When the area was developed in 2002, many children in that area attended schools in the Malvern area such as St. Bede, St. Gabriel Lalemant, and Sacred Heart.

In 2007, the Toronto Catholic District School Board approved the funding from the province to build the new school for the Morningside Heights neighborhood.
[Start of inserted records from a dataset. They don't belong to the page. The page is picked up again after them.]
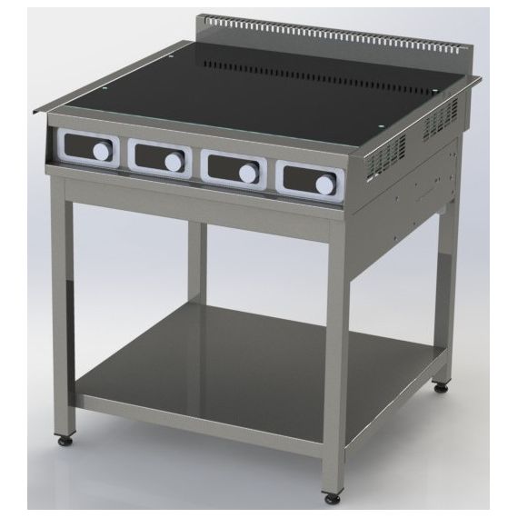 ЧЕЛЯБТОРГТЕХНИКА Плита электрическая индукционная ИПЭ-4 К 3х3,5/1х5, 4 конфорки: 3 конф. по 3,5 кВт; 1 конф. - 5,0 кВт; общая потребляемая мощность- 15,5 кВт. Напряжение 220/380, В. Время закипания 1л воды примерно 3,5 минуты. Корпус плиты электрической индукционной выполнен полностью из нерж. cтали марки AISI 430 толщиной 1,2мм. Каркас разборный выполнен из профильных элементов нерж. стали марки AISI 430 толщиной 1,2 мм. , ножки из нерж. трубы 40х40 марки AISI 430. Каждая плита имеет боковые планки и задний спойлер для обеспечения вентиляции. Плиты оснащены регулируемыми по высоте опорами. Масса плиты 50кг. Габаритные размеры: 805(725)х900х860,мм.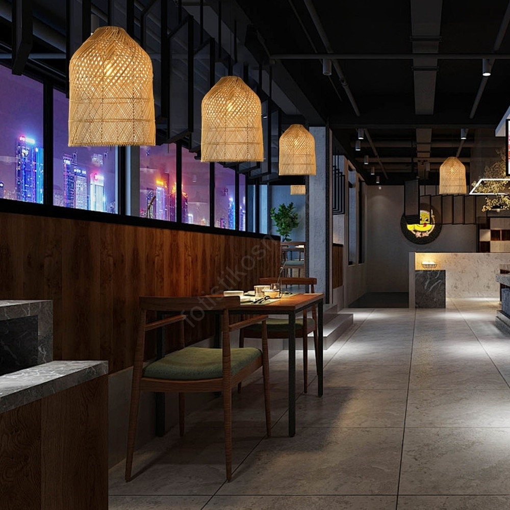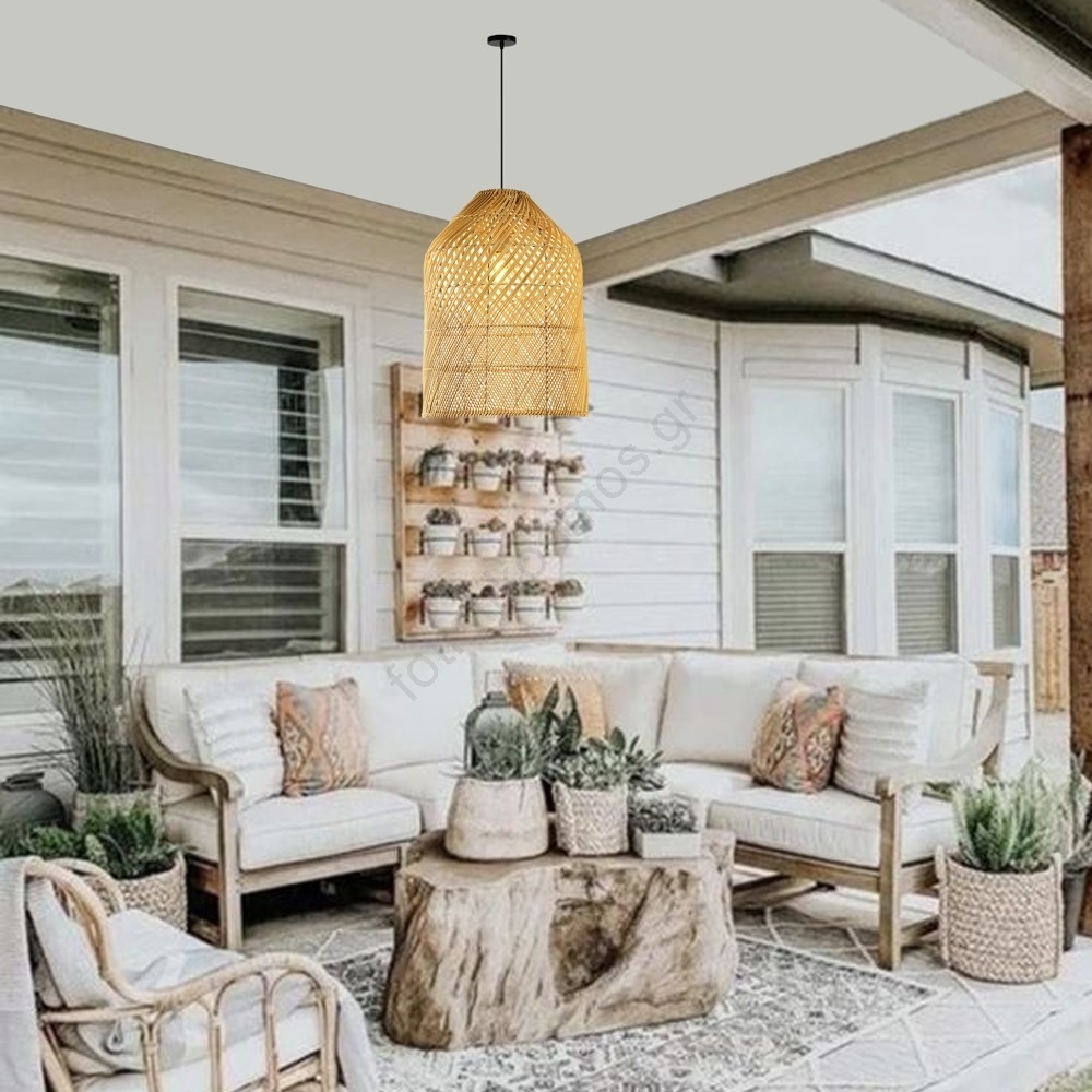 Κρεμαστό φωτιστικό οροφής PELO 1xE27/40W/230V διάμετρος 35 cm rattan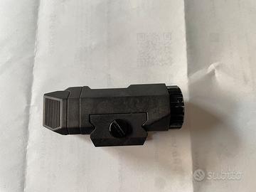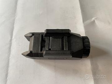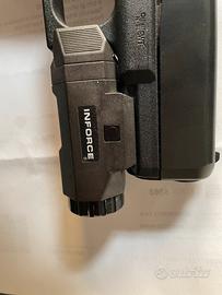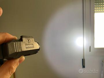 Torcia tattica sotto canna 400 lumen Inforce APL Peso: 85g con batteria CR123A Dimensioni: Lunghezza: 80mm altezza: 35 mm, larghezza: 30mm Impermeabile anche in profondità Ambidestra 400 lumen LED Autonomia dichiarata: 1.4h Potentissima torcia sotto canna da 400 lumen di marca Inforce, modello APL, pesa pochissimo, sporge pochissimo rendendola compatibile con molte fondine per pew pew con torcia, al contrario di torce ingombranti di altri marchi noti). Ha due meccanismi di funzionamento distinti: pressione continua: luce finché non si molla; pressione breve: luce continua fino a nuova pressione breve. Unica usura nella ghiera del led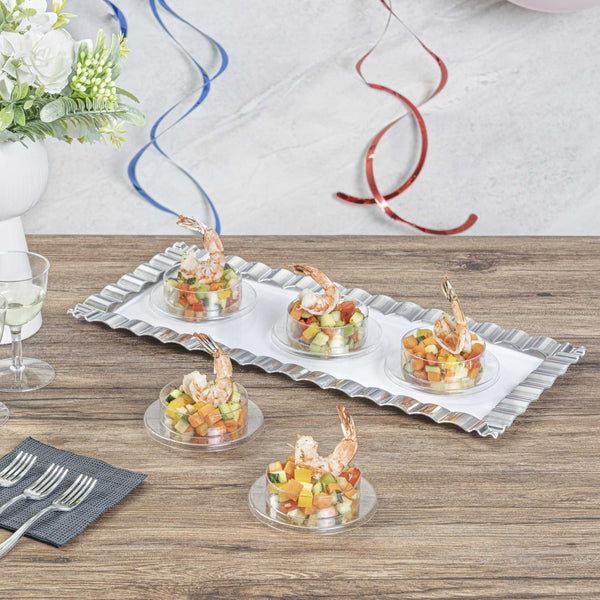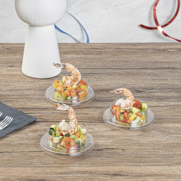 Give your delectable delights a chic makeover with our 3-ounce Round Clear Plastic Gastronomique Petri Dishes. Crafted from high-quality plastic, these serving dishes are durable and ideal for serving various wet, dry, and cold food items. These plastic dishes can hold up to 3 ounces and are perfect for serving small portions of amuse bouches and desserts. Featuring an innovative circular shape, these clear dishes elevate the look of your miniature appetizers, desserts, and hors d'oeuvres. The crystal clear finish of these disposable dishes ensures your guests can see every decadent layer of your sweet or savory treats. These dessert dishes are disposable to provide quick and easy post-event cleanup. Each round plate measures 3.25 inches in diameter by 1 inch and has a capacity of 3 ounces. Shipped in a 10 count box.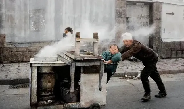 有张照片让我印象特别深 , 一个男人推着早餐车 , 车上锅炉冒着白烟 , 还坐着个穿绿棉袄的小孩 , 懵懵懂懂的。
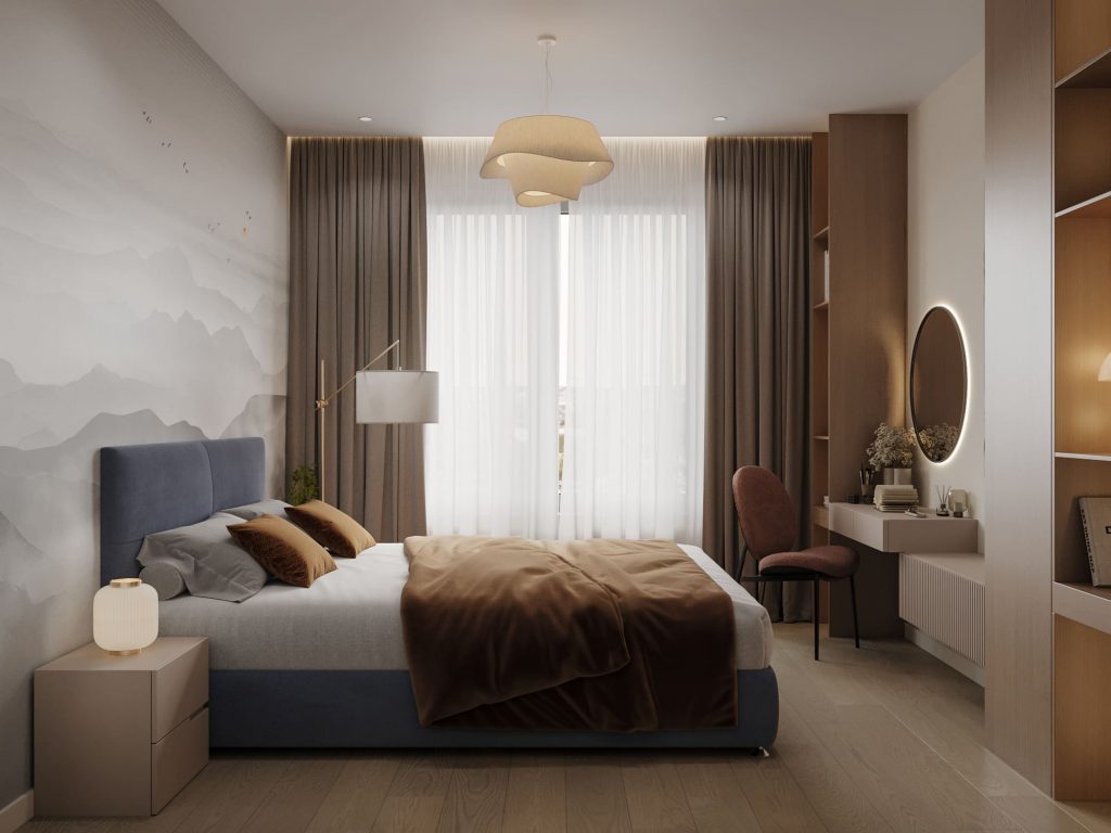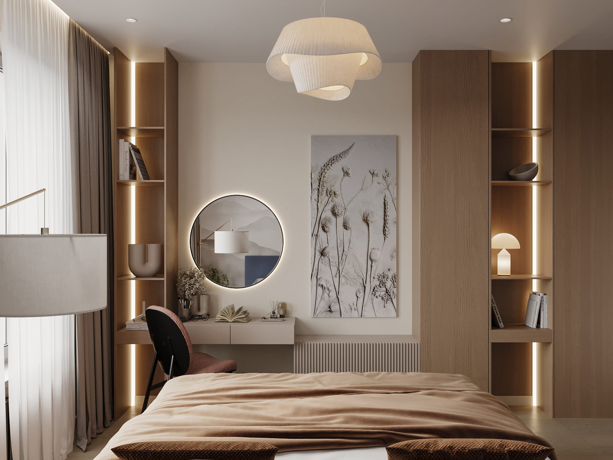 Особое внимание уделили свету: окно с двойными шторами и подвесная лампа над кроватью создают комфортную атмосферу. Для функциональности предусмотрели рабочий уголок с креслом. Зеркало в круглой раме визуально расширяет пространство, а встроенные системы хранения сохраняют минималистичный стиль.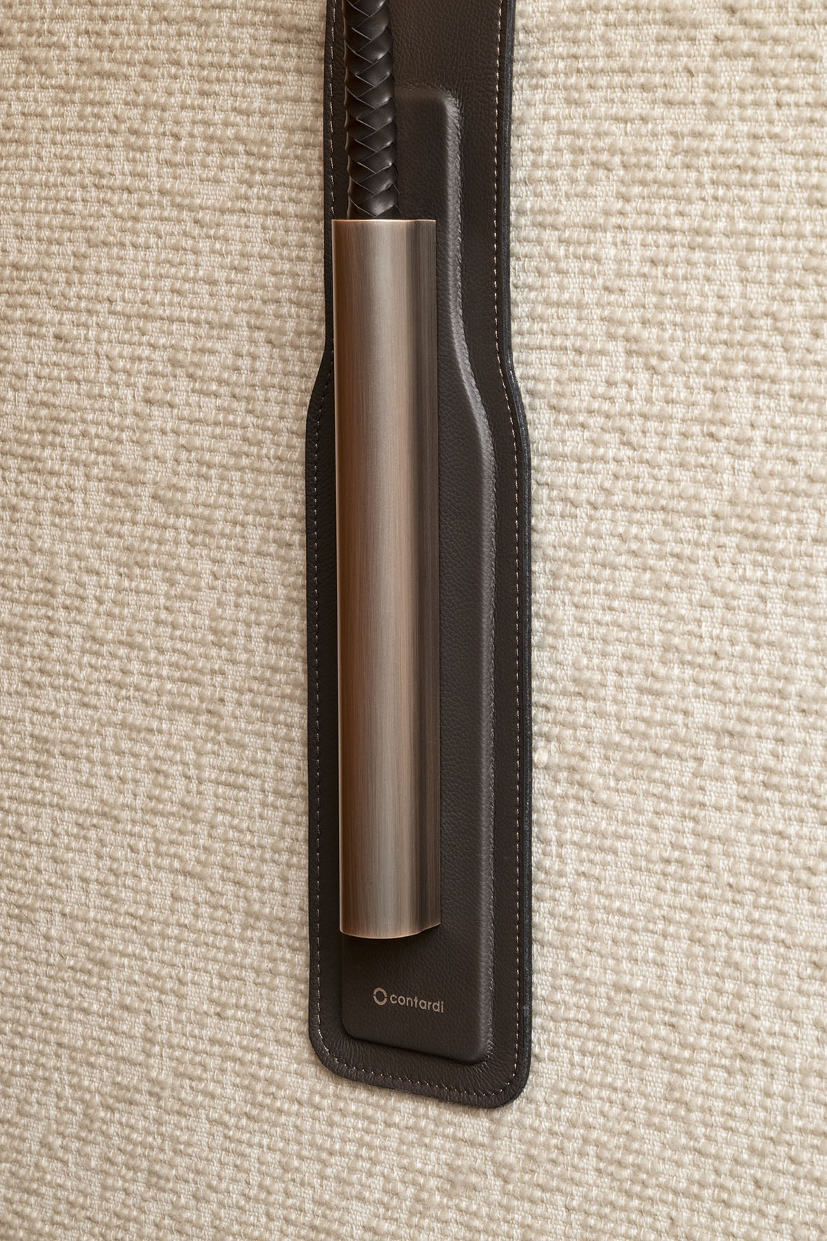 The head echoes the design of a cocktail jigger (G+T stands for Gin & Tonic), while the flexible arm is made of brass covered in woven leather.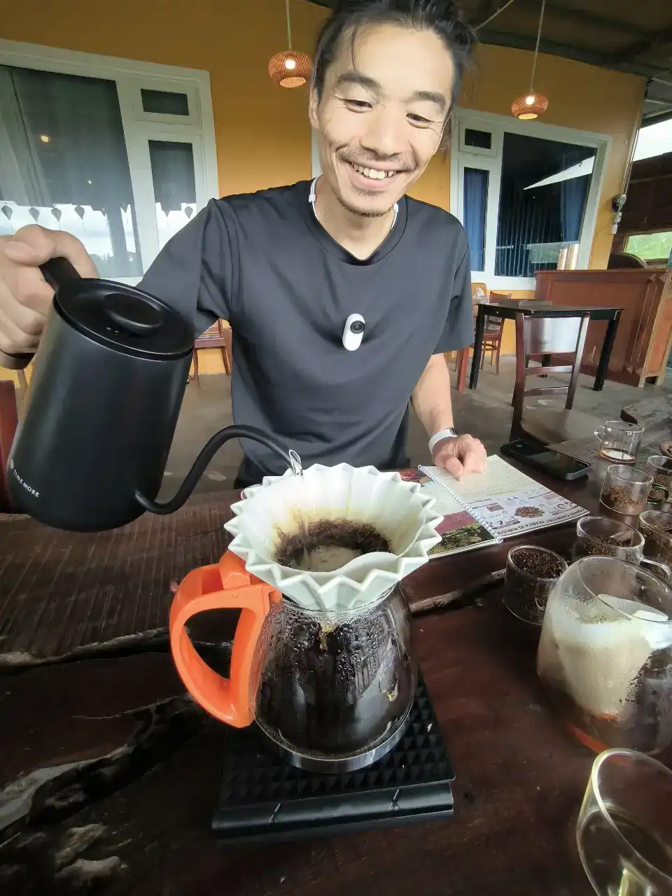 תצפית קפה מסורתית מול נופי דא לאט ולמידה על קיימות והחיים הכפריים בווייטנאם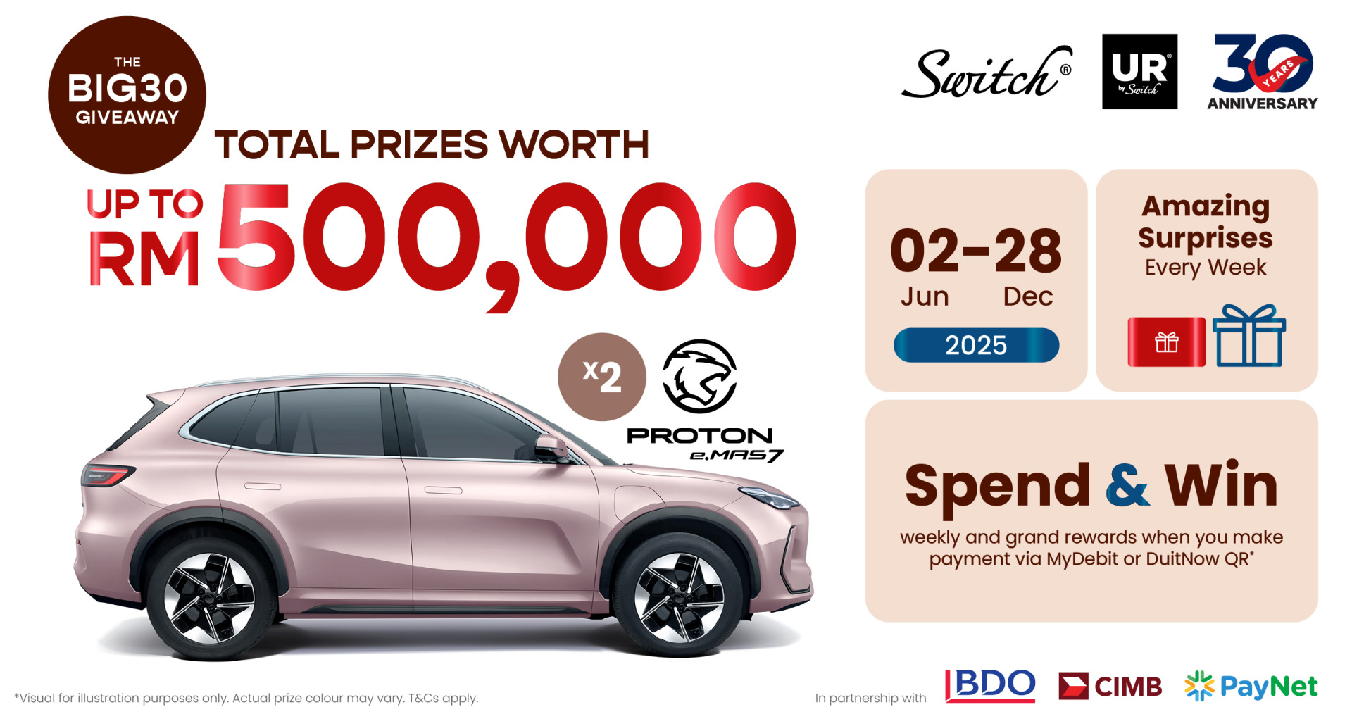 活动期间,顾客凡在全国任何一家Switch或Urban Republic门店(含线上商店)使用MyDebit或DuitNow QR付款,即可自动获得抽奖资格,竞逐总值高达50万令吉的每周奖品,而终极大奖则为全电动Proton e.MAS 7。此活动由联昌集团控股有限公司(CIMB)与大马支付网络有限公司(PayNet)携手推动,为赠奖活动注入更高价值与更广影响力。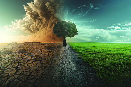 tree in two with very different environments Earth Day or World Environment Day Global Warming and Pollution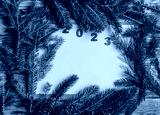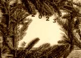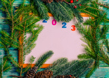 Christmas wooden background with fir branches and a place to copy.

Originally named Morningside Heights North, the school was named Blessed Pier Giorgio Frassati in 2010. The board held a groundbreaking ceremony on November 15, 2011 to start construction on the Frassati school that was completed in January 2013. The new, barrier-free three-storey building consisting of a multi-purpose room, library, early learning rooms, and new landscaping.

Blessed Pier Giorgio Frassati held an open house event on June 13, 2013 organized by St. Bede and St. Gabriel Lalemant schools. The school finally opened in September 2013 and was officially opened and blessed two months later.

While Frassati is a feeder school, its graduates attend Lester B. Pearson, Sir William Osler, St. Mother Teresa, Francis Libermann, Mary Ward, and St. John Paul II secondary schools.